Marjorie Winchester Hayes Wallace, M.D.1916-2011 - Page 2
During WWII the army sent her to Hollywood to make hygiene films as the medical consultant in Frank Capra’s studio. She then performed a study on chemically-treated chemical warfare undergarments in women for the Army. The concept was that a carbon-treated undergarment would somehow protect soldiers from chemical weapons. Women must be different so they would test them in women as well.
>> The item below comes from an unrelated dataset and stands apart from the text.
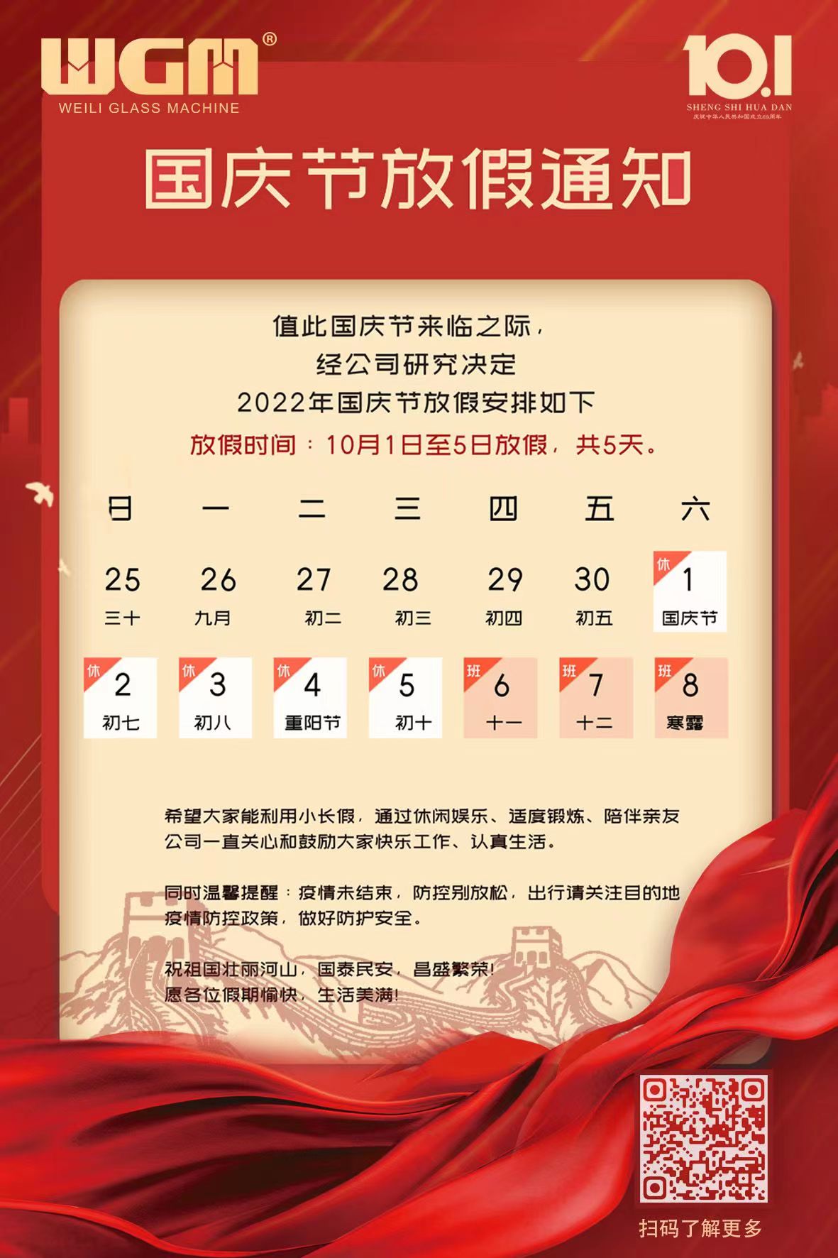2022年10月1日(周六)-10月5日(周三)為國(guó)慶假期,

Marjorie wrote a very fine report entitled “Impregnated Women’s Underwear”. Marjorie was disappointed that no one in the Army seemed to notice. After Hollywood, Marjorie was assigned to the Hopkins Medical Corp and stationed in Leyte, Philippines as one of only two female physicians in the entire Pacific Theater. She enjoyed the tropics very much. The British military gave her a baby blue jeep. She was allowed to fly the transport plane when she was transferred to Manila. Part of the planned invasion force of Japan, she worked to prepare for the expected 2,000,000 casualties, if such an invasion took place. Ultimately she was stationed in Tokyo at Saint Luke’s Hospital, known by the locals as San Ruku Hospital. After the war, she was discharged as a major and returned to her training in medicine.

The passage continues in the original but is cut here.